Thursday 7 April 2016

Sequencing is not counting!

Posted by: Greg Gloor

The idea of using compositional data analysis approaches (CoDa) to examine microbiome samples appears to be gaining traction. There have been a recent spate of papers (and not just from us) that are going in the right direction by acknowledging that we have compositional data.

However, to my mind, most papers do go far enough, and still make strong assumptions about the data. I want to briefly outline why we must embrace the idea of CoDa in its entirety.

Fundamentally, sequencing is not counting. To see this, lets set up a very simple thought experiment. In ecology, it is common to count species within some area, and then to use these counts for the analysis.

In the counting example, we have 5 tigers and 20 ladybugs in some defined area which is a random sample of the environment. We can assume that the animals are free to move both within the box and between the box and the environment, and that the density of animals inside and outside the box is about the same. Therefore, if one more tiger should wander in from the outside, that not alter the number of ladybugs and vice-versa.
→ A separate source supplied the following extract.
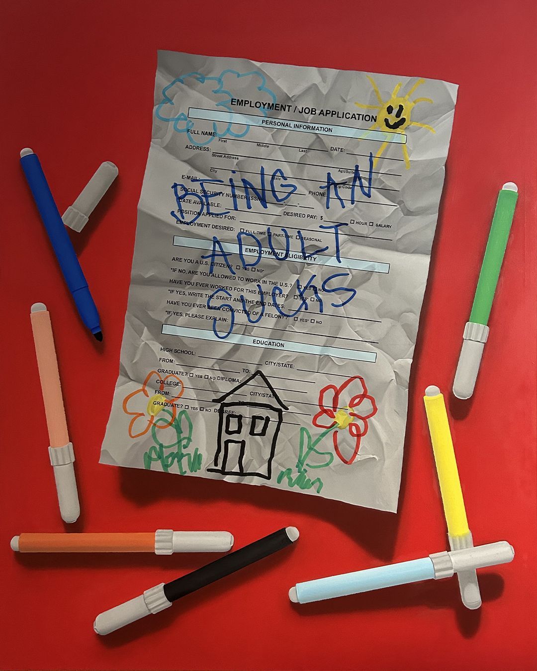 A trent’anni, il suo lavoro si concentra proprio su quei territori di maggiore vulnerabilità, i luoghi in cui spesso ci si sente soli o inadeguati. Rendendoli visibili e condivisibili, l’artista li normalizza, trasformando il disagio in linguaggio comune e innescando possibilità di dialogo e riflessione collettiva.

Moreover, if a space alien happens to land in the counting box, it will likely not alter the count of tigers or ladybugs (unless it lands on and squishes one!). We can see that the abundance of tigers and ladybugs can be essentially treated as uncorrelated. In addition, we can normalize for different box sizes rather simply by scaling the size of the box. So if one student measures a box of size 1, and another a box of size 2, we can adjust for sampling effort fairly simply. This is the rationale behind normalizing for sequencing depth, and if we had counts would work marvelously for sequencing data.


But, this is not the case with sequencing. Every DNA sequencing instrument has a fixed upper limit on the number of reads that can be delivered, and this is illustrated by having exactly 25 cells inside the box. Visualized in this way, we can see the difference in how the same counts of 5 tigers and 20 ladybugs must behave in the face of a perturbation. Either a tiger or a ladybug must be displaced if another tiger wanders onto the sequencing grid. Another way of saying this is that the tiger and ladybug numbers observed are correlated, since an increase in one necessarily involves a decrease in the other. If the space alien now enters the sequencing grid, we see that again we must displace a tiger or a ladybug. This causes all manner of problems for traditional approaches because of spurious correlation, negative correlation bias and sub-compositional correlation effects.

This problem generalizes to any number of species, and is not alleviated by increasing the number of cells in the grid. Attempts to normalize read counts, which are the same as normalizing the number of squares in the grid are doomed to fail because of this property.

So what can we do? We have to embrace the idea that the actual numbers we observe from a sequencing run are irrelevant, and the only information available is relative information: that is, that the ratios between the ladybugs and tigers is the only measurable property. We have begun the process of adapting the full measure of CoDa tools to microbiome studies and our first paper is just out in Annals of Epidemiology: It's all relative: analyzing microbiome data as compositions, and I hope you give it a read. There is also a supplement that contains all the code used to generate the paper.

Although there are many issues to be resolved, mainly because sparse data can be problematic with  CoDa approach, I think that it is worth checking out for your datasets. In a later post, I will outline how the general approach we use to account for the sparsity problem.